- **Problem to work on**
Starting at the first line of the entries, extract each line up to and including the one that contains "The Acctim Mini", but leave out the pictures.

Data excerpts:

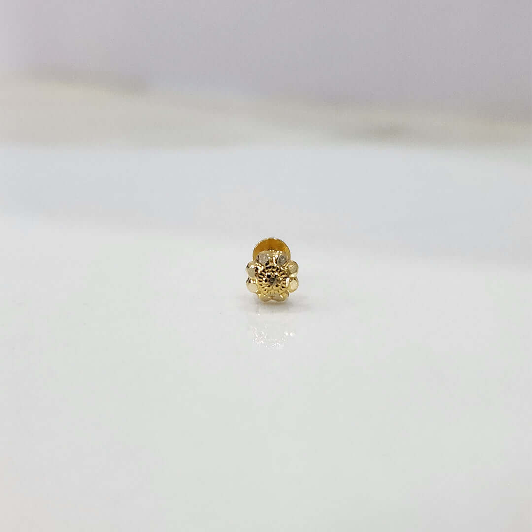 This small nose pin in gold has a bold and sculpted central dome with intricate petal and bead work, which is like a miniature sunburst that gives every look a touch of royalty and glowing beauty.
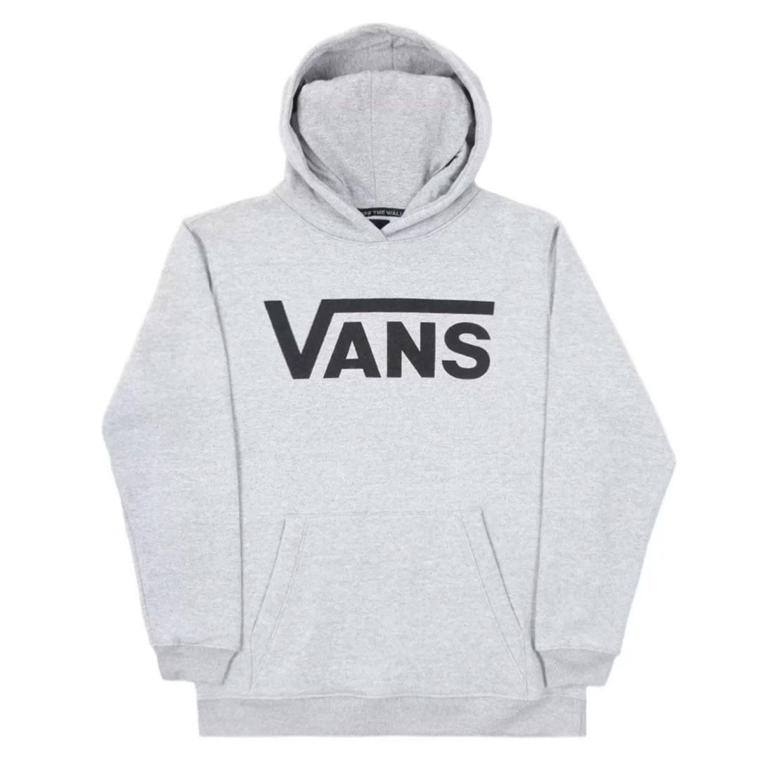 • O Moletom Vans Classic Po Ii Infantil Cement Heather Black com capuz possui estampa o logo Vans em “Drop V" aplicado na altura do peito em silk à base d’água, etiqueta tecida com logo Vans lateral, capuz com cordão para regulagem, bolso estilo canguru, barra e punhos canelados.
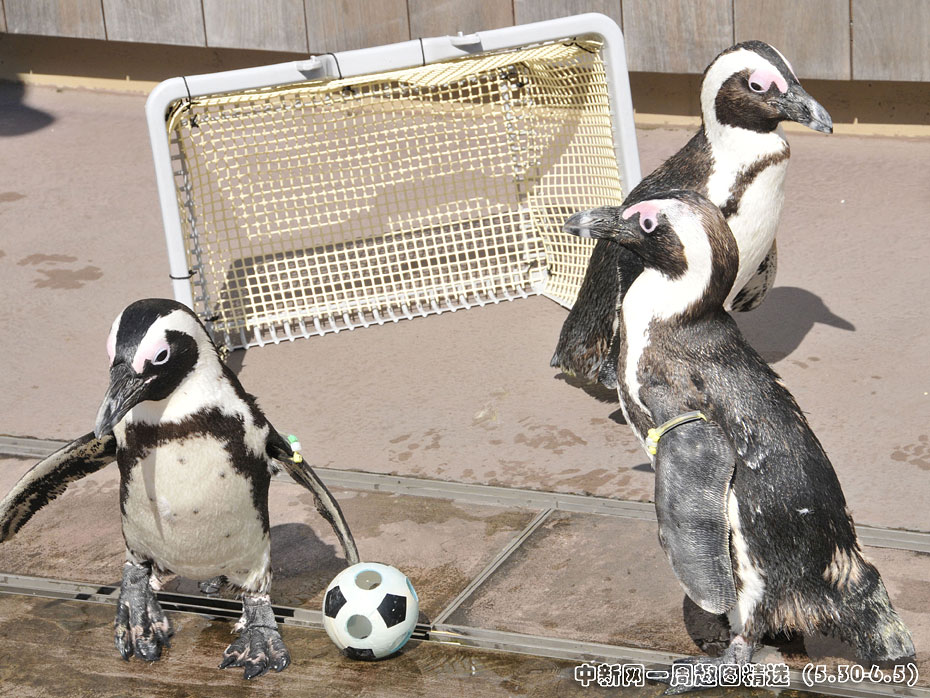 6月1日,在日本東京一家海洋館里,幾只企鵝“披掛上陣”,進行了一場別開生面的足球賽,迎接世界杯。圖片來源:中國新聞網>>點擊觀看詳細內容
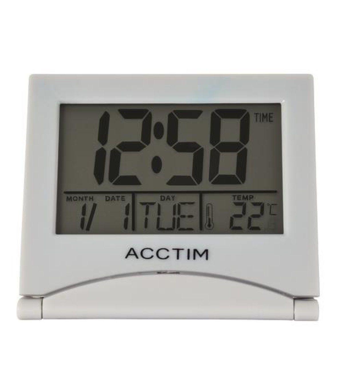 The Acctim Mini Flip alarm clock in silver is compact in size, making it ideal for taking on your travels. The LCD display shows time, calendar and indoor temperature clearly and the alarm with snooze function will make sure you wake up in time. The convenient folding travel case and included batteries make this clock ready to use straight out of the box.
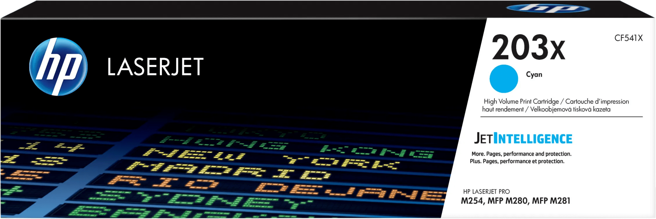 Vervang de toner van je laserprinter met de HP 203X LaserJet Toner Cyaan (Hoge Capaciteit). Dit is een XL toner. Deze zijn even groot als een normale toner, maar hebben meer inhoud. Je print tot 2.500 pagina’s in kleur met deze toner. Is de toner leeg? Dan stuur je deze kosteloos op naar HP. Bekijk hieronder voor welke printers deze toner geschikt is:
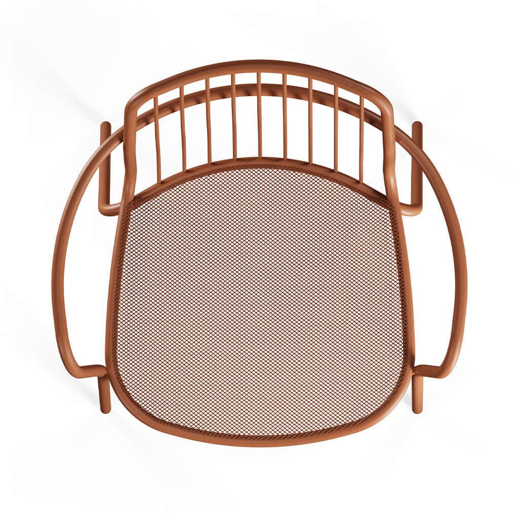 The Alisea steel armchair for outdoor use is a contract design solution engineered for urban furniture and high-traffic outdoor spaces. Ideal for bars, restaurants, patios, terraces, and public areas, it blends durability, functionality, and contemporary aesthetics. Inspired by the lightness of the wind, the Alisea armchair features a steel mesh seat that ensures breathability, comfort, and ease of maintenance - making it perfect for outdoor environments. The backrest, crafted from metal rods, provides a light and dynamic visual effect that enhances its surroundings. The design integrates two construction technologies - curved steel bars and steel mesh - guaranteeing structural solidity, durability, and weather resistance, even in high-use contract contexts. Available in a wide range of colors, the Alisea armchair easily adapts to modern, industrial, and contemporary styles, offering maximum design versatility for professional outdoor furnishing.

- **Task output**
 This small nose pin in gold has a bold and sculpted central dome with intricate petal and bead work, which is like a miniature sunburst that gives every look a touch of royalty and glowing beauty.
 • O Moletom Vans Classic Po Ii Infantil Cement Heather Black com capuz possui estampa o logo Vans em “Drop V" aplicado na altura do peito em silk à base d’água, etiqueta tecida com logo Vans lateral, capuz com cordão para regulagem, bolso estilo canguru, barra e punhos canelados.
 6月1日,在日本東京一家海洋館里,幾只企鵝“披掛上陣”,進行了一場別開生面的足球賽,迎接世界杯。圖片來源:中國新聞網>>點擊觀看詳細內容
 The Acctim Mini Flip alarm clock in silver is compact in size, making it ideal for taking on your travels. The LCD display shows time, calendar and indoor temperature clearly and the alarm with snooze function will make sure you wake up in time. The convenient folding travel case and included batteries make this clock ready to use straight out of the box.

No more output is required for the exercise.